In the given exercise, the conditional probability \( P(A \mid B) = \frac{1}{2} \) means that, if event \( B \) has occurred, the probability that \( A \) will occur is \( 50\% \). Understanding conditional probability helps in breaking down complex probability scenarios into more manageable pieces.

Joint probability refers to the probability of two events occurring together, symbolized as \( P(A \cap B) \). This concept is crucial when you need to determine the probability of two or more events happening at the same time.
For instance, consider tossing two coins and finding the probability of both landing heads. This scenario involves joint probability, denoted as \( P(A \cap B) = P(A) \times P(B) \) if the events are independent.
In the exercise, we have already calculated the joint probability \( P(A \cap B) = \frac{1}{6} \) using the conditional probability formula. Practically, this suggests that the chance of both events \( A \) and \( B \) occurring is \( \frac{1}{6} \), or about \( 16.67\% \). Joint probability enables us to understand how events interplay and affect their combined outcome.

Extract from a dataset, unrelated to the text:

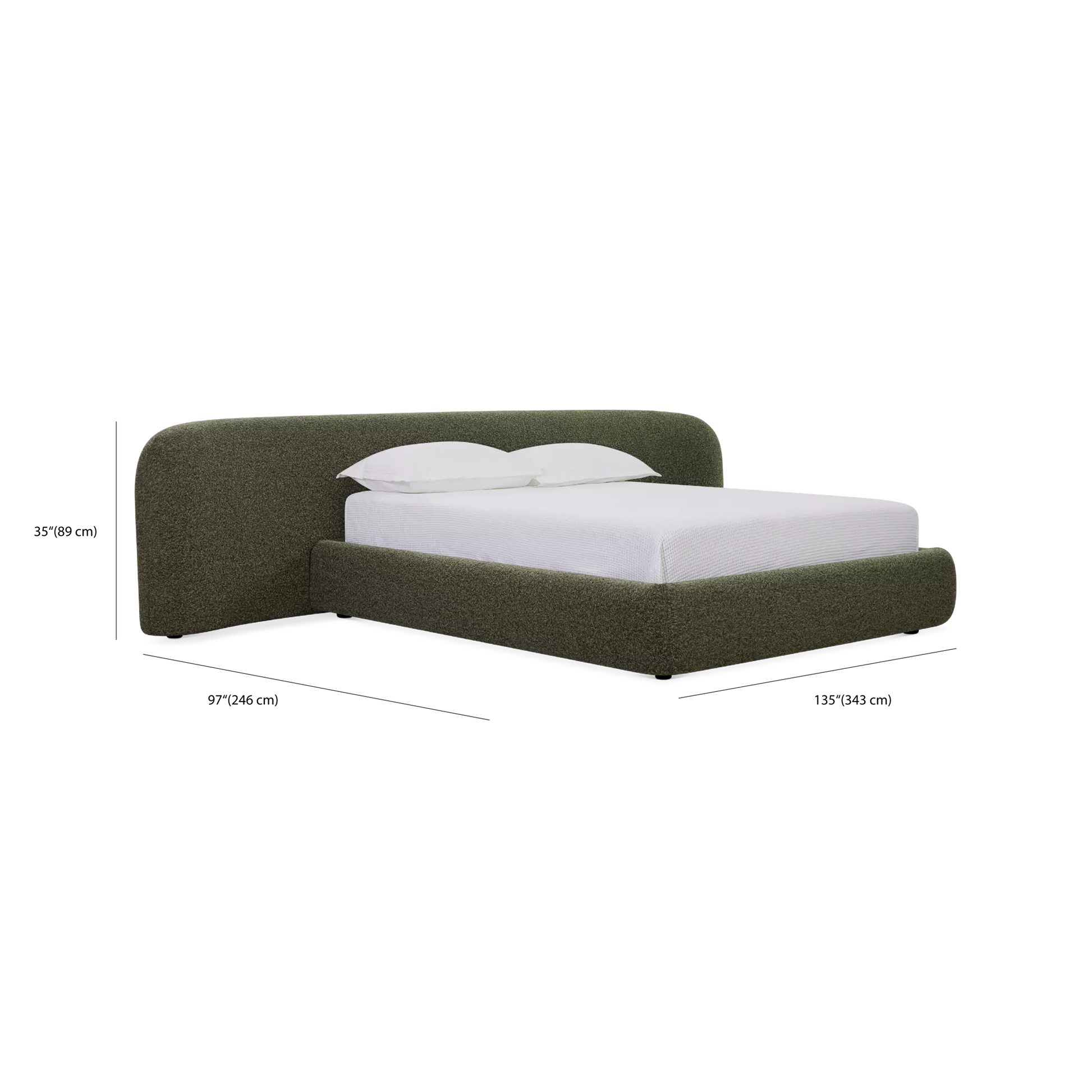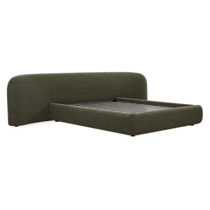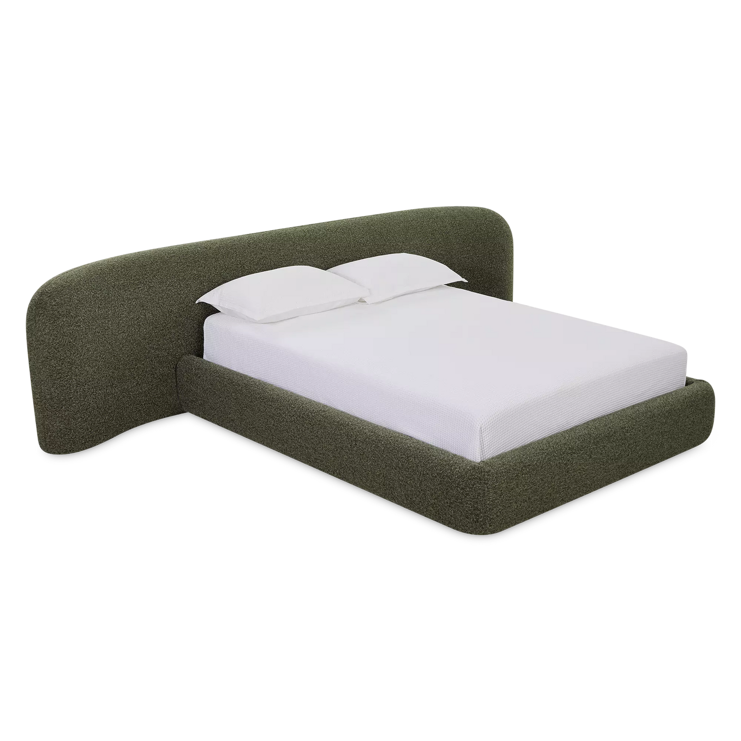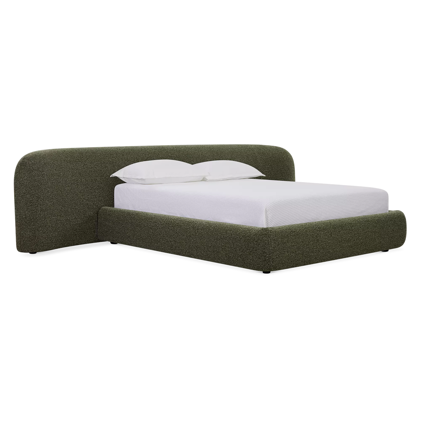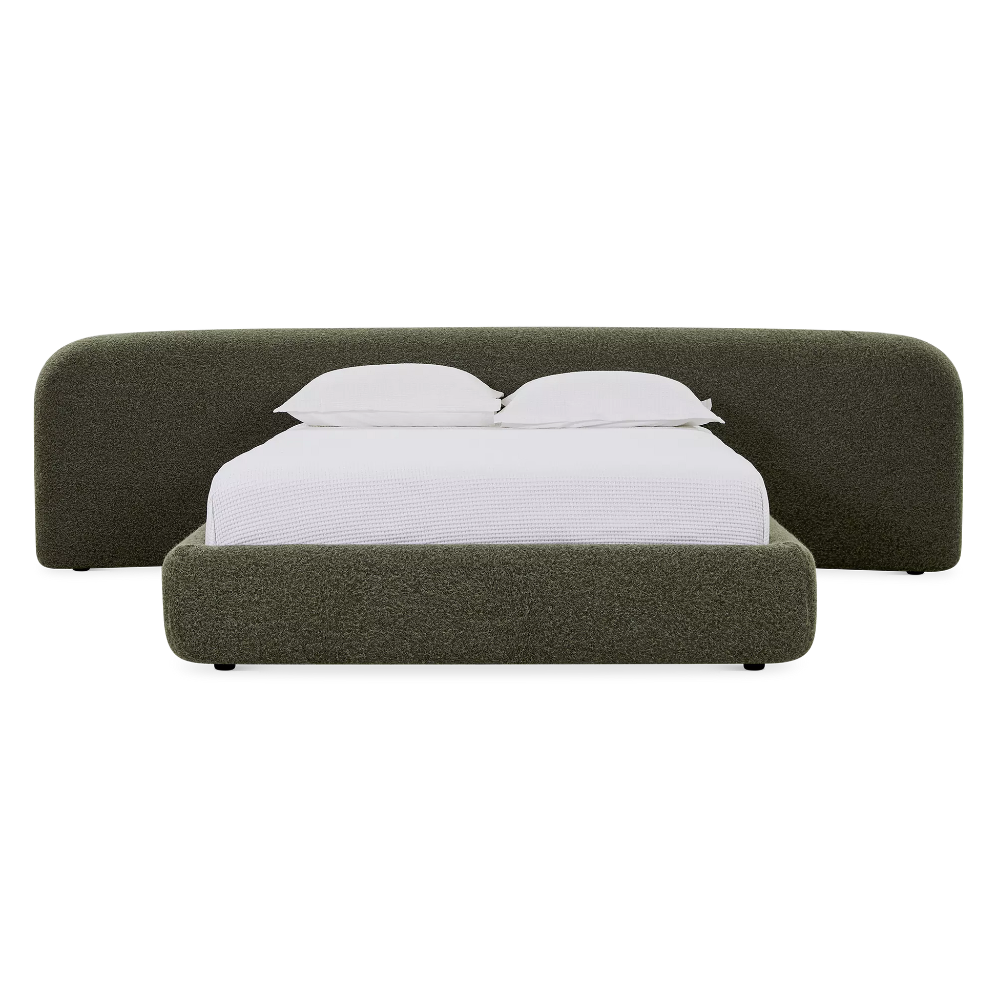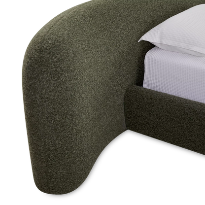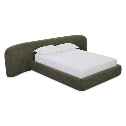 The Ranit bed balances bold presence with soft, sculptural lines. Fully upholstered in bouclé fabric, it features an expansive headboard with gently curved corners that’s at once striking and serene. Its padded, upholstered base adds visual continuity and a tailored finish, while its generous proportions and rounded edges offer an inviting, quietly luxurious feel. A true statement piece that will turn any bedroom into a restful retreat.

Understanding events in probability is foundational to grasping more complex concepts like joint and conditional probabilities. An 'event' in probability is essentially a set of outcomes from an experiment.
For example, consider rolling a die. Rolling an even number, such as \( \{2, 4, 6\} \), is an event. Events can be independent, dependent, mutually exclusive, or inclusive, affecting how their probabilities are calculated.
In our exercise, we define events \( A \) and \( B \), where knowing some probabilities, such as \( P(A) = \frac{1}{4} \), helps build the framework to solve for unknowns like \( P(B) \).
Recognizing the type and nature of events is crucial for correctly applying probability rules, such as conditional probability, ensuring accurate calculations and deeper comprehension of probability scenarios.